[FOM] Bourbaki's general theory of isomorphism‏

[Victor Makarov]

 In reply to Oran Magal (Thu 6/24/10 7:50 PM):

When we state "A is isomorphic to B", we tacitly assume, that A and B are models of some theory T.

We can further assume that the theory T is an extension of ZFC by adding to ZFC (or to an extension of ZFC) some new constants and axioms "defining" the new constants.
 
For example, the group theory can be introduced in the following way:

group := {G, m | A };

where G, m are , respectively, the set on which the group is defined, and the law of composition, A is a conjuction of axioms of the group theory.

Any pair (X, h) such that the formuala A(X,h) is a theorem, is a concrete group (or a model of the group theory).
 
 A(X,h) denotes the result of substitution in the formula A, instead of the constants G, m, the terms X, h respectively. 

Let A = (X,h), A1 = (X1,h1) be some concrete groups.
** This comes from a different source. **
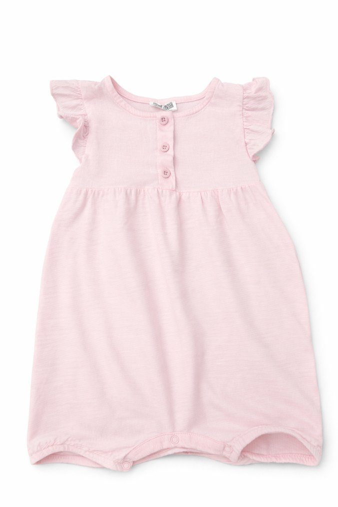 Yumuşak pembe renkli, fırfırlı kollu, önde düğmeli ve alt kısmında çıtçıtlı bebek tulumu.
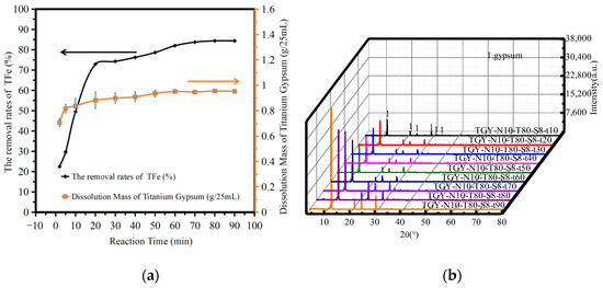 Figure 4a shows the variation in the amount of titanium gypsum dissolution and the iron removal rate with differing ratios of liquid to solid. The analysis shows that the dissolution amount of titanium gypsum increased slightly with increasing liquid–solid ratio. When the liquid–solid ratio exceeded 8, the dissolution amount of titanium gypsum did not change significantly. When the liquid–solid ratio was 6–14, the removal rate of TFe increased from 74.32% to 83.98%. When the liquid–solid ratio increased to 8, the removal rate of TFe increased to 81.98%, and the removal rate of TFe remained unchanged. As ferric citrate, formed by the acid–base neutralization reaction, entered the solution, the removal rate of iron increased, but the content of iron compounds in the system was constant. Therefore, when the liquid–solid ratio continued to increase to a certain critical point, the total iron removal rate in titanium gypsum did not change significantly.

A is isomorphic to A1 iff there exists a bijection f from X to X1 such that f'(h) = h1, where f' is the canonical extension of f. 

Suppose, we have defined in the group theory some notion Q(G,m).  
That is, Q is a formula (or a term), possibly containing the constants G,m.
If A is a concrete group (X,h), let us denote A.Q the formula Q(X,h).

If the formuala A.Q is a theorem, then we say that Q is a property of A.
The intuitively obvious statement "Isomorphic groups have the essentially same properties" can be more precisely  expressed in the following way:
 
If the groups A, B are isomorphic then the formula A.Q is equivalent to the formula B.Q.
 
The formula Q must be transportable, i.e Q can not depend on some specific properties of the constants G,m.
 
The formula expressing "the empty set is an element of G" is an example of untransportable formula. Obviously, this formula is not preserved under isomorphisms.

Victor Makarov